歴史の長いトロンハイム

トロンハイムは実はかなり歴史ある街です。11世紀に街がつくられて、中世の頃は首都であったこともあります。このまわり100km四方には街らしい街はないようなところなのですが、海が凍らないこともあって昔から栄えてきたといいます。したがって、人口は16万人ちょっとですが、大学もあって、大聖堂もあって、王宮まであります。

ということで、いくつか街中の写真を。

歩行者道

 中心部は、歩行者専用道ネットワークの商店街になっています。郊外にも、大きなショッピングセンターや巨大なIKEAなどがあるので、さすがに中心部には、電気店や家具店などはありません。
それでも中心部は、これは土曜の午後の写真ですが、かなりの人です。中心部は例外なく駐車料金がかかる(1時間400円くらい)にもかかわらずです。大聖堂もあるような長い歴史がもつ町の文化の蓄積がなせる業なのでしょうか。
カフェもたくさんあります。でもいわゆる全国チェーンのコーヒーショップ(スタバなど)はほとんどなく、どれもみな地元のやや素朴なカフェです。カフェや喫茶店の数は、街中を人が歩いているか(買物などでそぞろ歩いているか)は大きな相関があります(と私は思っている)が、ここも然りです。とにかく、小さな町ではあっても、田舎臭いという感じがしないのが、この町に来たときの驚きです。来るまでは、「極寒の北の街」ということで、北海道の地方都市のような、開拓地ふうのやや殺風景な街並みをなんとなく想像していたので。

倉庫群

中世(!)の木造の元倉庫群と、左奥に古い跳ね橋、中央右は大聖堂の塔です。

中心部でも、近代的な建物はけっこうあります。でも石造りの古い建物、というのはそれほど多くはなく、中心部でも2階だての三角屋根の伝統的な木造の商店が続いています。ヨーロッパは石の街、なんてひとくくりにしてはいけないということですね。

外側

こんな2階建ての木造の商店が続くような町並みなのですが、上の写真は実はこれは、中心部の再開発ショッピングセンターの外側で、奥に4階建てのガラスの建物がありますが、それがショッピングセンターの内側です。内側から見ると↓こんな感じです。

内側

冬は寒いので、このようなショッピングモールは好まれるのでしょう。でも人に聞くと、真冬でも街を歩いている人は結構いるのだそうです。

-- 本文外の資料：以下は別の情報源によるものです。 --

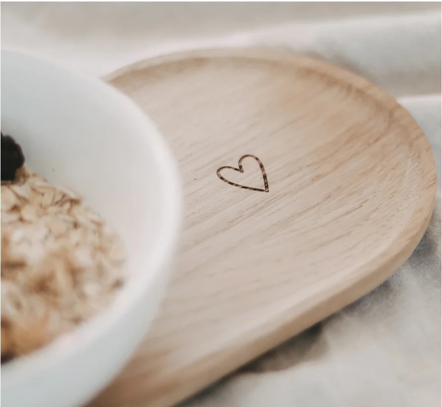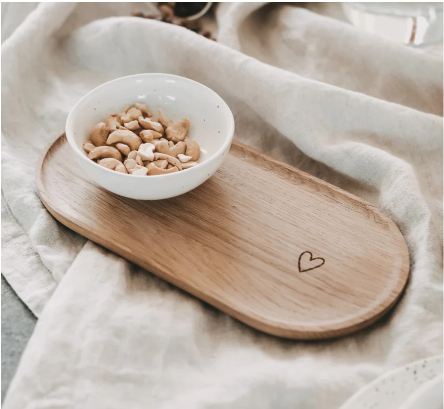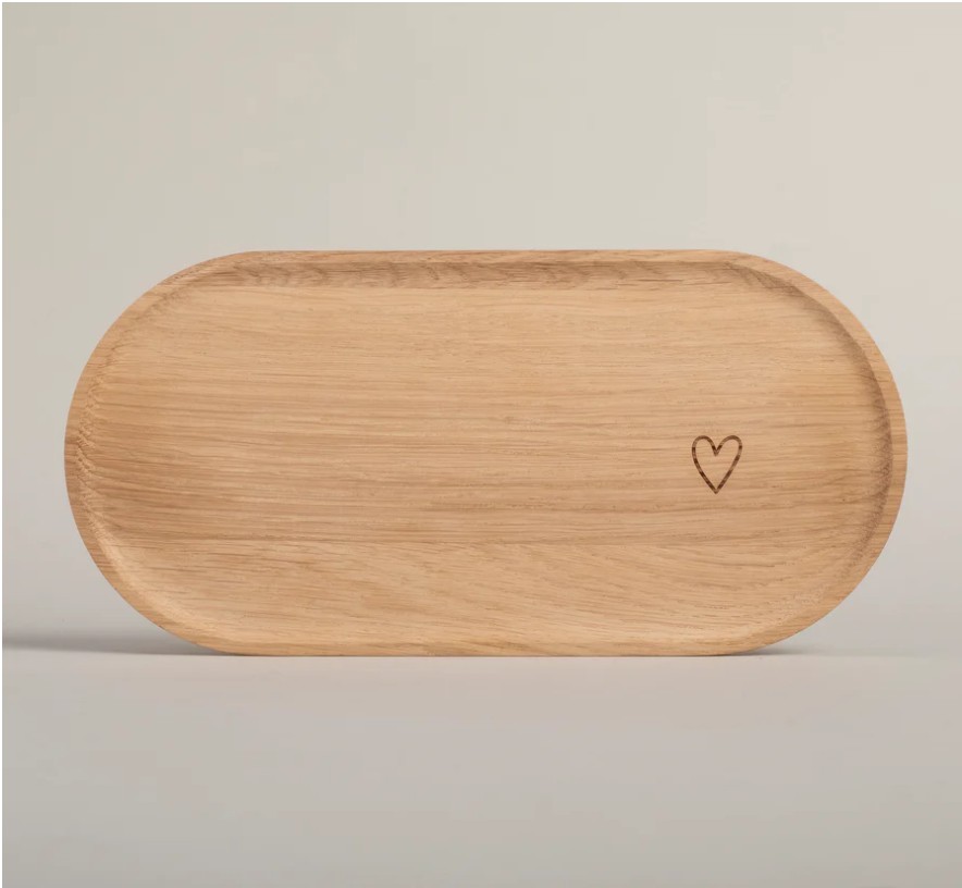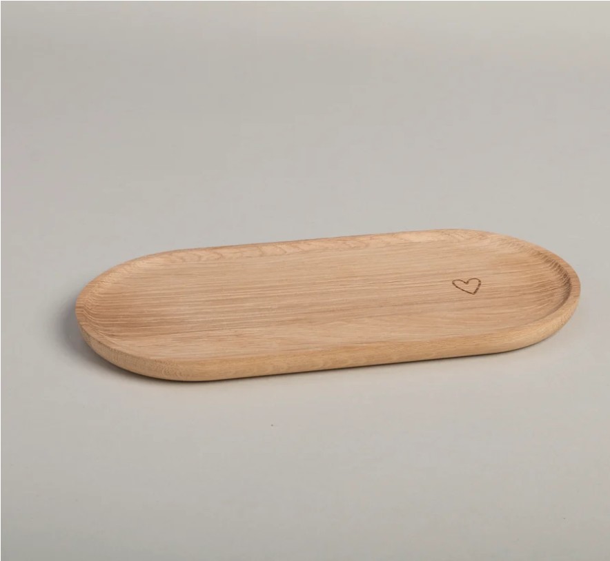Mała taca z naturalnego dębu, ozdobiona grawerem w kształcie serca.
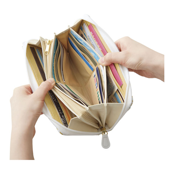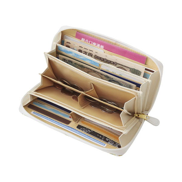 通帳も入る大きさ、コイン4分別の仕切付き、36枚以上のカードも入り大容量で便利な収納機能がもりだくさん!

ちょっと郊外に出ると、木造の品のいい一軒家の住宅が並んでいます。築50年以上の家なんてのはざらです。ヨーロッパの町も郊外に出ると、ちょっと雑然としているというか、汚い、すさんでいる、というような所があるものなのですが、トロンハイムは、郊外も、一軒家や中層住宅群が木立に囲まれていて品がいいのも驚きです。

もっとも住宅価格は高く、中心部のウォーターフロント再開発地区の新しい中層住宅で、坪当たりでは横浜のみなとみらいあたりとさして変わりません(さすがに東京都心よりは安いようですが)。ひとりあたりGDPが日本の2倍なのですから、それだけ家にお金をかけるわけだ、ともいえます。



これは、郊外(といっても中心部から2kmくらい)のテレビ塔の上からのものです。奥が中心街です。手前側の一戸建ては、1930年代くらいに開発されたところです。一区画が100坪くらいで、華美ではないですが、住宅地全体の品があります。
東京都市圏との比較はあまり意味がないとしても、日本の地方都市の住宅地(「住宅」ではない)で、本来はこれくらいの質の場所がもっとあってもよいと思うのですが。